Source data -
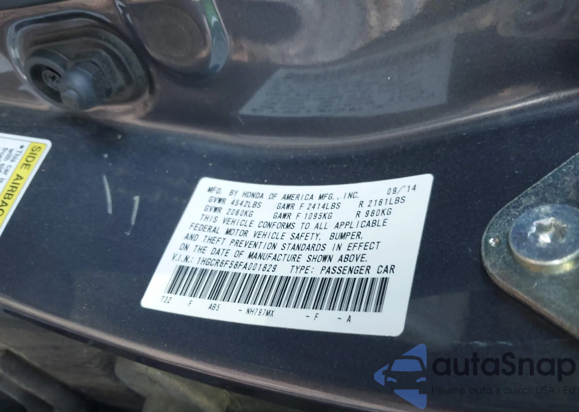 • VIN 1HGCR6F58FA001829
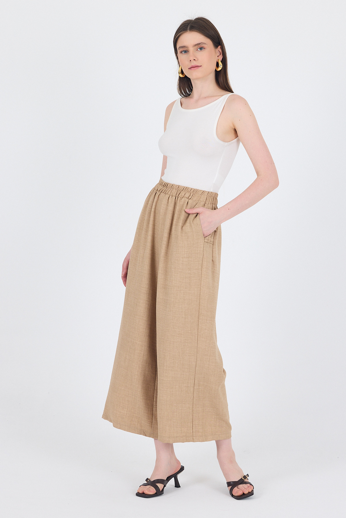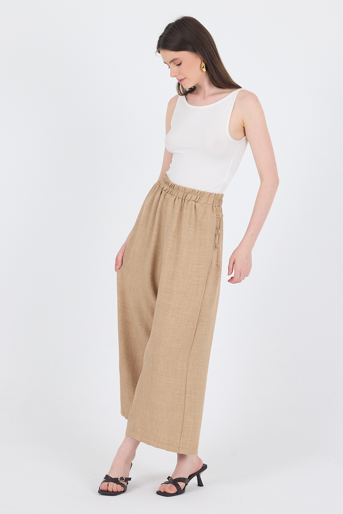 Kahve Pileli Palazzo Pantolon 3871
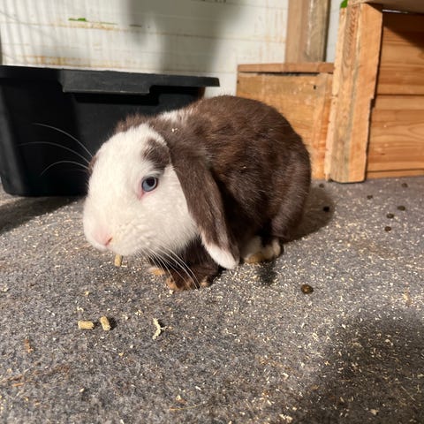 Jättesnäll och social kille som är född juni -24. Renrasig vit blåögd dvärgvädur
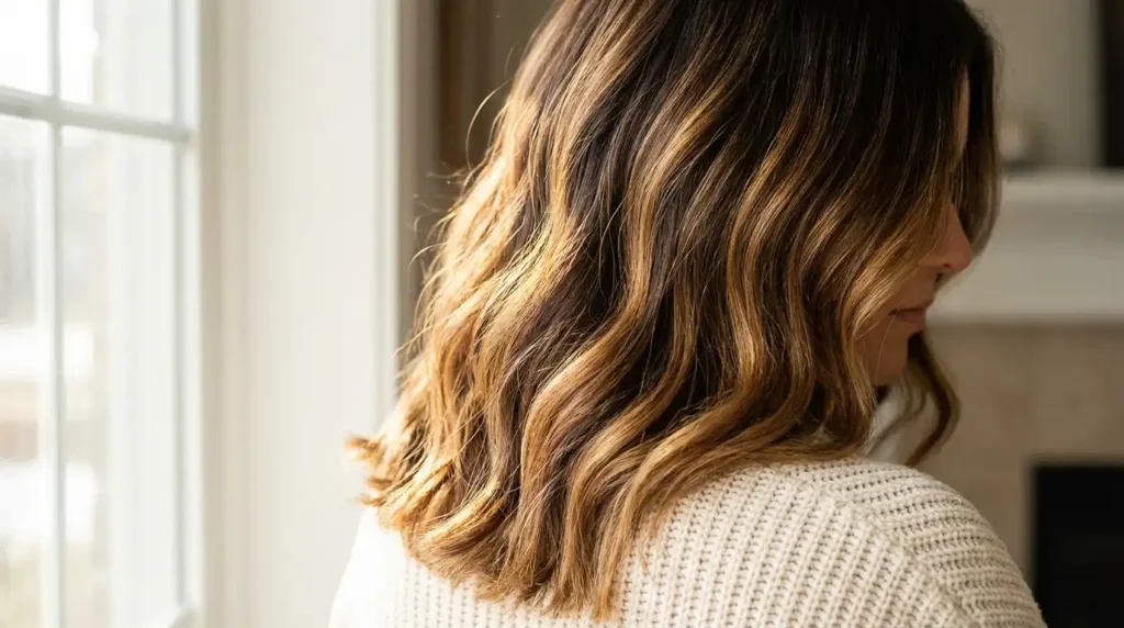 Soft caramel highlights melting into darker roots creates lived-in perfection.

Directions - Retype the listing above exactly, pictures excluded.

Solution for this exercise -
 • VIN 1HGCR6F58FA001829
 Kahve Pileli Palazzo Pantolon 3871
 Jättesnäll och social kille som är född juni -24. Renrasig vit blåögd dvärgvädur
 Soft caramel highlights melting into darker roots creates lived-in perfection.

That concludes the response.